WHAT IS BEING ASKED »
Below are records with pictures in them. Transcribe everything from the line containing "Также, по его" down to the line containing "Turn aroundThis is", exactly, and leave the pictures behind.

DATA SHOWN Block Start

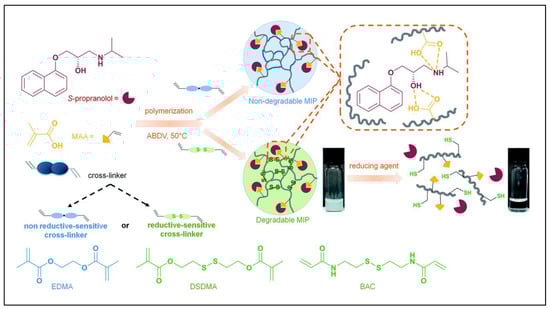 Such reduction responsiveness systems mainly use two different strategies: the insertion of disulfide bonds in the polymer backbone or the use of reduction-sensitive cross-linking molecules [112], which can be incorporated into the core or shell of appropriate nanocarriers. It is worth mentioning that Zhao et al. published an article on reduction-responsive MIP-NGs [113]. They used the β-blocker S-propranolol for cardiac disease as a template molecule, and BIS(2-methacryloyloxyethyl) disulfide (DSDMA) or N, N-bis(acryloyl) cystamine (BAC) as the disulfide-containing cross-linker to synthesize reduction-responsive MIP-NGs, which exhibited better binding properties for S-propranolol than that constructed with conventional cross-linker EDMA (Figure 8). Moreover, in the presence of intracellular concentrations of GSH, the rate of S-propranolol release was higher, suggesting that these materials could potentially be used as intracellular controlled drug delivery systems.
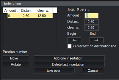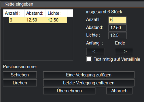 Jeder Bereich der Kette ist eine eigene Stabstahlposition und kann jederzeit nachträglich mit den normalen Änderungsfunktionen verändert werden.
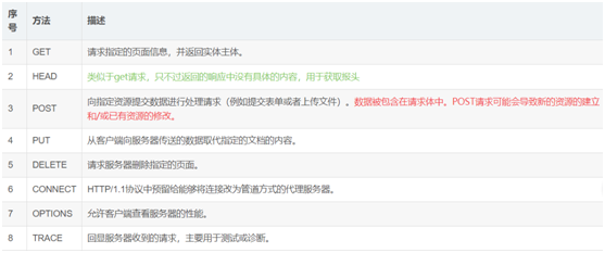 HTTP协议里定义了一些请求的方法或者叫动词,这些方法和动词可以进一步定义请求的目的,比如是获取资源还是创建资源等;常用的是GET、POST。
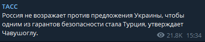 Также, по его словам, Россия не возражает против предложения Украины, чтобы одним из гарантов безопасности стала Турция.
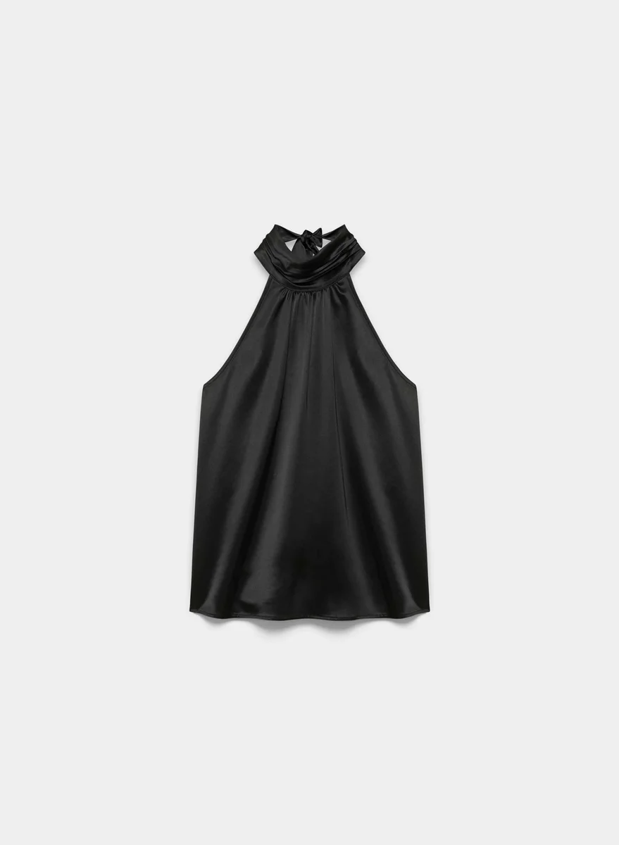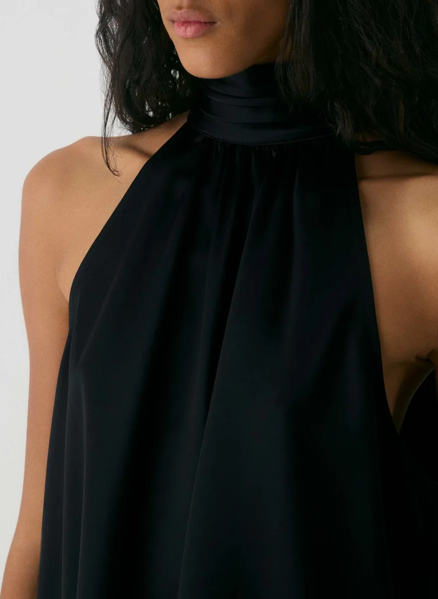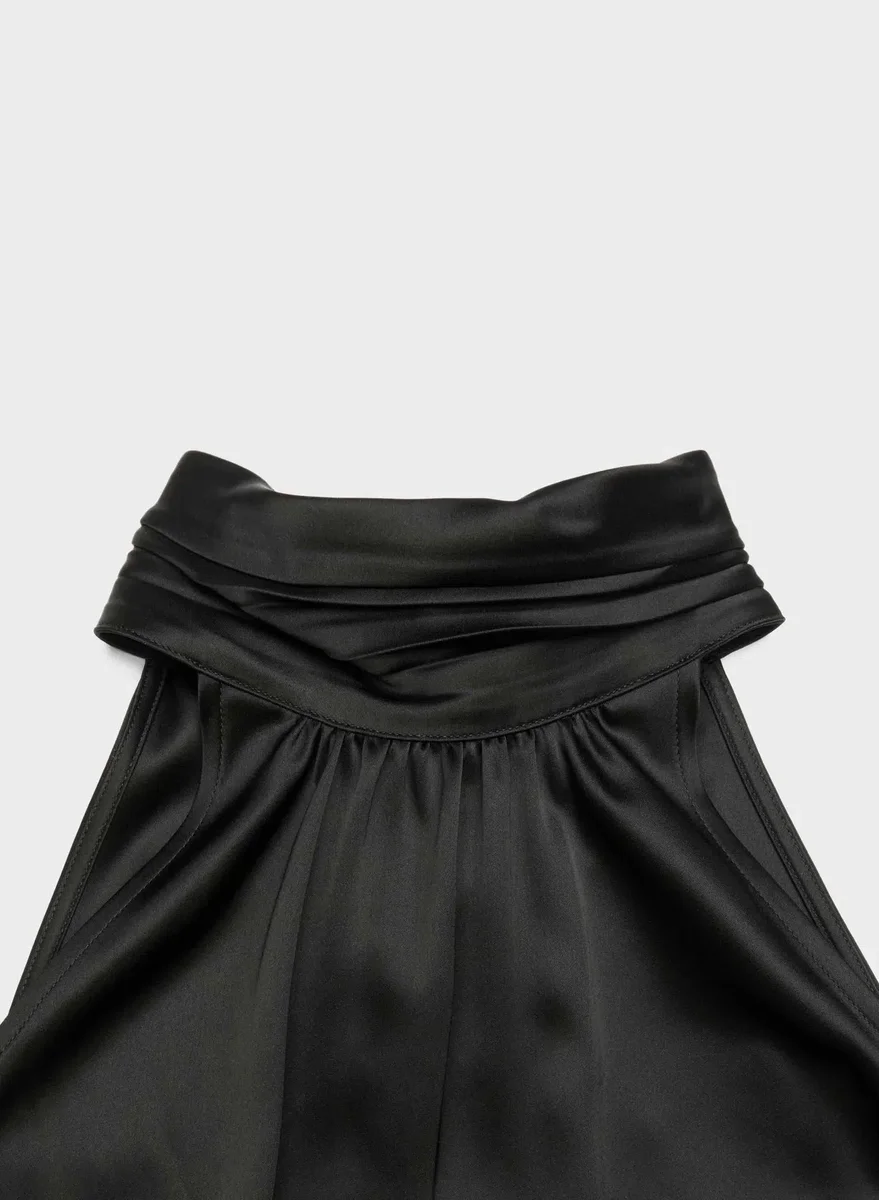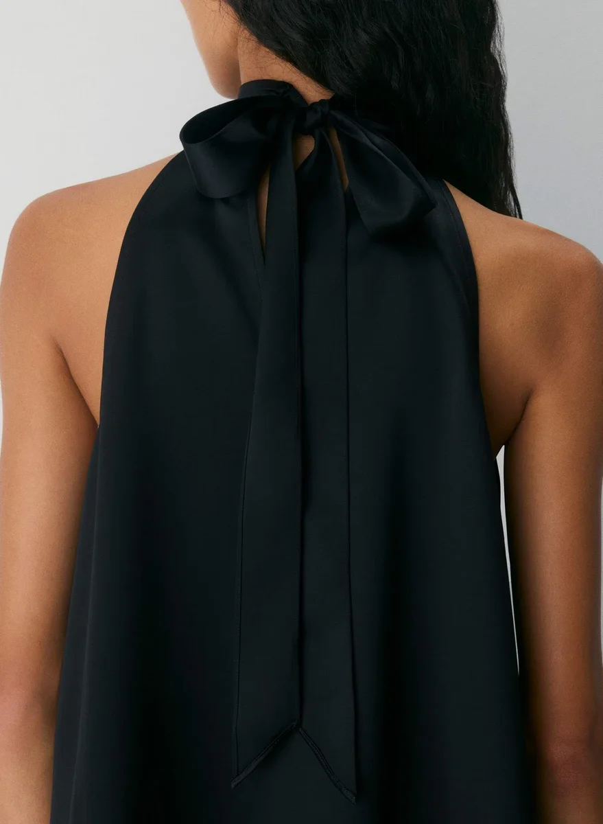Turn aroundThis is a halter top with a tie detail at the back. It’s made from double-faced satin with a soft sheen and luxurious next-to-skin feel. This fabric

DATA SHOWN Block End
DATA SHOWN Block Start

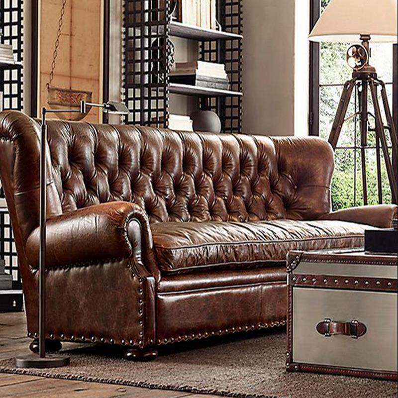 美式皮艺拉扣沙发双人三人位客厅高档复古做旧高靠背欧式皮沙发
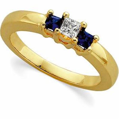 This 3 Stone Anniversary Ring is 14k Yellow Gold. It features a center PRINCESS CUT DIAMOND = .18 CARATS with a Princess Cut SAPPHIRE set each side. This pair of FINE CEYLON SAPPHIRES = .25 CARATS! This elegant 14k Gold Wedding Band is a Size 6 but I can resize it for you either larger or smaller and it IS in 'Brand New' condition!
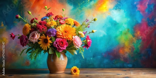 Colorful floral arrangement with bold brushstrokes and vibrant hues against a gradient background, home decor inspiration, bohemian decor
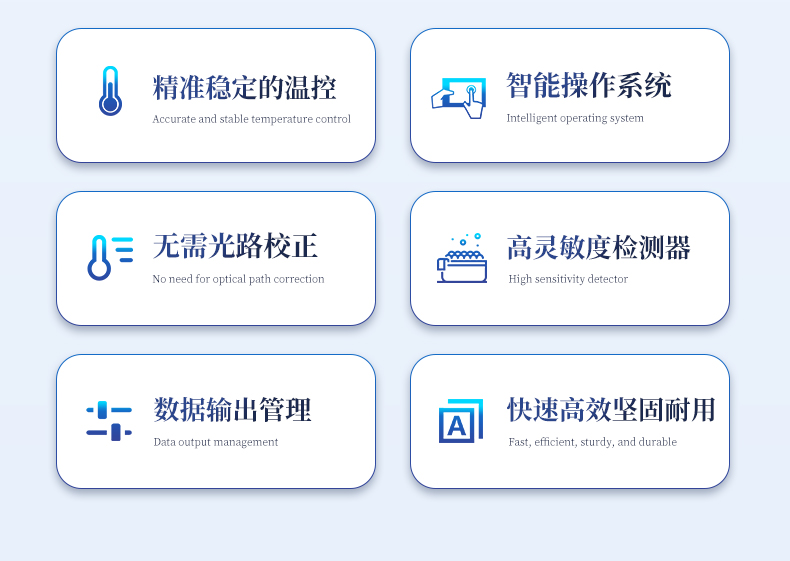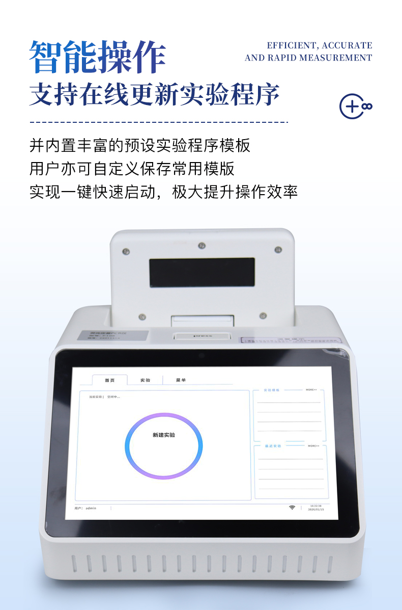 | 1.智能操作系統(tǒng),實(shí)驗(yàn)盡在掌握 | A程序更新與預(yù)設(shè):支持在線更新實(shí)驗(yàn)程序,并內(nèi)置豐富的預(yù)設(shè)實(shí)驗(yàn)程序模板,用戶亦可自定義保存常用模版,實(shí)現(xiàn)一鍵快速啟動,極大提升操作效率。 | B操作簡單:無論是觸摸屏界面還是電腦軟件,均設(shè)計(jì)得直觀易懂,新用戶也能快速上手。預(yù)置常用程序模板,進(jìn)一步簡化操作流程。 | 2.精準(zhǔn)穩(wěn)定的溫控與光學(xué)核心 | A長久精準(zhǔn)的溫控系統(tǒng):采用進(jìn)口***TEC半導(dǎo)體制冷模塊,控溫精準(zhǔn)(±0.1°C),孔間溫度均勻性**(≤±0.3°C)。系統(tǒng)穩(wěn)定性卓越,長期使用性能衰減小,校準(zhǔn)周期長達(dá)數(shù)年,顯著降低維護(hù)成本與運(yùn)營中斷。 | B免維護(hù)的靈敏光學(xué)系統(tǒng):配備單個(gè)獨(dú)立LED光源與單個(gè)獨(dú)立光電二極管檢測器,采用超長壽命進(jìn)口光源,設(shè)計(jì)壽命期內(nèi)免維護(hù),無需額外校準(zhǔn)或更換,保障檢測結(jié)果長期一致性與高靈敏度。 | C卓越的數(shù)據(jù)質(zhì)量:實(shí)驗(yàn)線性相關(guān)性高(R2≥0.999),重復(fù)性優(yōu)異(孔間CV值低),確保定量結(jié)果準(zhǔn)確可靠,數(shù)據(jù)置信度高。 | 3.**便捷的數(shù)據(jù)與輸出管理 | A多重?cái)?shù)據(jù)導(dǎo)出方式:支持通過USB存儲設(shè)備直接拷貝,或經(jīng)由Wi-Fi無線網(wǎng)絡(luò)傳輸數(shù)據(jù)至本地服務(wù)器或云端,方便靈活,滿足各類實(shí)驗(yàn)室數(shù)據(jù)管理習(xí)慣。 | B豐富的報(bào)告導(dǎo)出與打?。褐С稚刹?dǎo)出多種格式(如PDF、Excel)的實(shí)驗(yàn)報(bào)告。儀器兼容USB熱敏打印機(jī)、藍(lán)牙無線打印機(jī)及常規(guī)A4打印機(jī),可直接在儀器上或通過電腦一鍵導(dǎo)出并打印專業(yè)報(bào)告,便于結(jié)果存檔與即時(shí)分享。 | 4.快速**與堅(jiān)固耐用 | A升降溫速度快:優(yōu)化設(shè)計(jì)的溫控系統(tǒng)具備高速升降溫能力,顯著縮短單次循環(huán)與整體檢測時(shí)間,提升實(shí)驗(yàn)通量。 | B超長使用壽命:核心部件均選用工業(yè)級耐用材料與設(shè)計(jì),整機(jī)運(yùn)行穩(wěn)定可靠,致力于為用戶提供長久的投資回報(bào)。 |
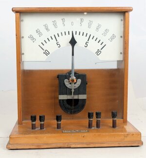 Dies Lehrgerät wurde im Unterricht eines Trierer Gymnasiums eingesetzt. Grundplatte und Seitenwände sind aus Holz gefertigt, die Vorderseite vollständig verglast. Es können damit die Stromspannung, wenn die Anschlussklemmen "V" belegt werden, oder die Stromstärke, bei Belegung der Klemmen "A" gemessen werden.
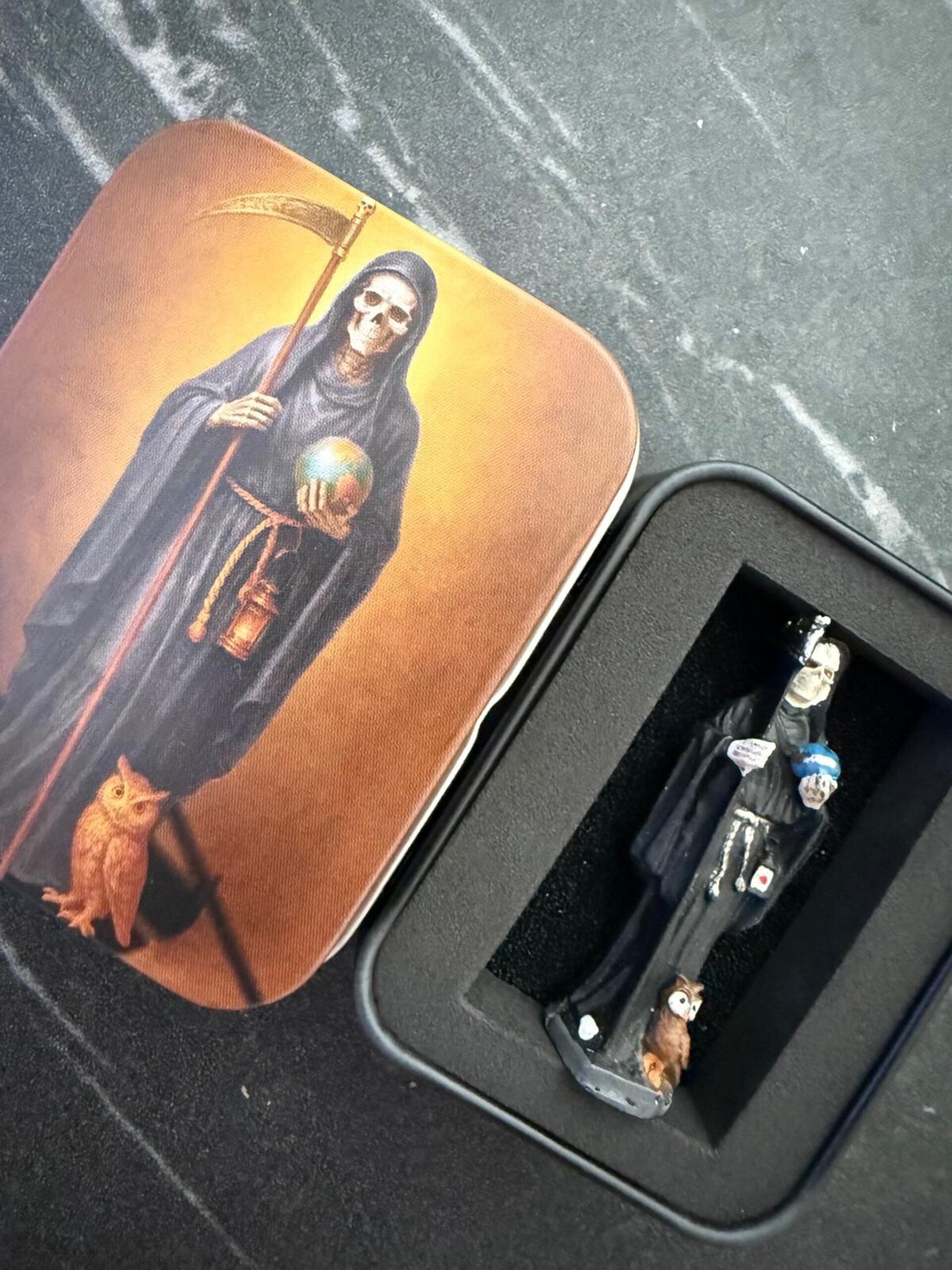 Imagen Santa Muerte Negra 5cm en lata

DATA SHOWN Block End

RESULT »
 Также, по его словам, Россия не возражает против предложения Украины, чтобы одним из гарантов безопасности стала Турция.
Turn aroundThis is a halter top with a tie detail at the back. It’s made from double-faced satin with a soft sheen and luxurious next-to-skin feel. This fabric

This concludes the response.